I want to open the discussion again, to offers typed queries for Panache (Hibernate / JPA will be the target but ideally also for MongoDB).

Today, when using Hibernate with Panache, you must write your queries as String (using PanacheQL, JPQL, SQL or using a named query).
But for complex use case (think search engine for example), you may want to dynamically create the creary and having a types API instead of creating a String is a nice to have.

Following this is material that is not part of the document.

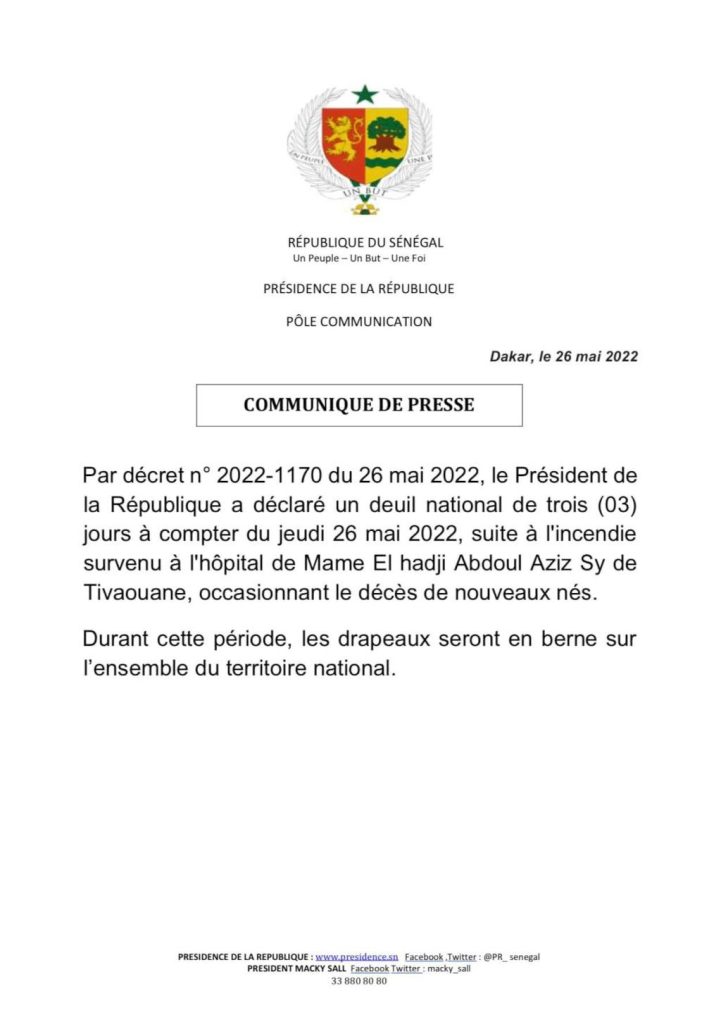 Communiqué de presse de la Présidence de la République du Sénégal.
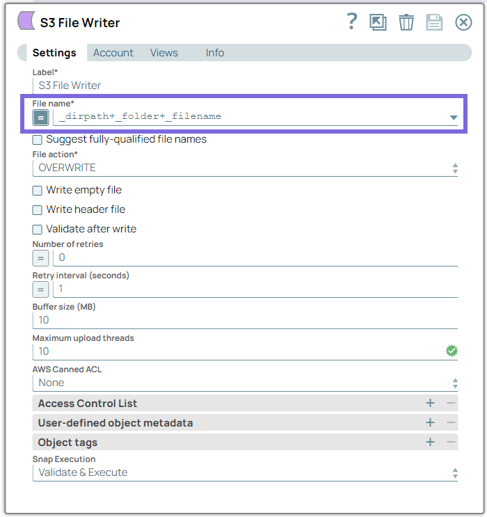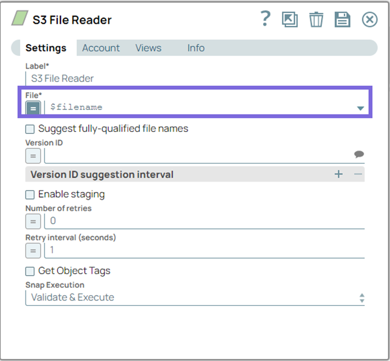 5. Configure the S3 File Reader Snap to read the specific object data from the S3 bucket.

I saw this subject going back a few times these days so I really think we should do something about it (or decide we will not and close the 6 related issues).

A long time ago I create this issue that tries to summarize the various issues and proposition we have bout it, and we didn't succeed in having any decision: https://github.com/quarkusio/quarkus/issues/8136

We can do a lot of things:
1. Integrate with the JPA Criteria API (but the API is a little complex to use and doesn't match MongoDB usage) by allowing you to query with a CriteriaQuery.
2. Create a Specification API: we will need to design ours (there are plenty of existing one out)
3. Create an example API : this is very easy to do but doesn't offers complex query creation
4. Keep the status quo for one more year :(

Proposed implementation for example:
Person p = new Person();
p.lastName = "Mathieu";
PanacheQuery<Person> mathieus = Person.findByExample(Example.of(p));
Proposed implementation for specification (or criteria):
Criteria criteria = Criteria.eq("lastName", "Mathieu")
    .and(Criteria.eq("firstName, "Loïc");
PanacheQuery<Person> me = Person.findByCriteria(criteria);
An alternative for 1. would be to allow querying with a JPA Query in addition to the existing String facilities, this will allow extending the querying facility to everything that can create JPA queries (MongoDB with Panache allow querying via a Document for such things).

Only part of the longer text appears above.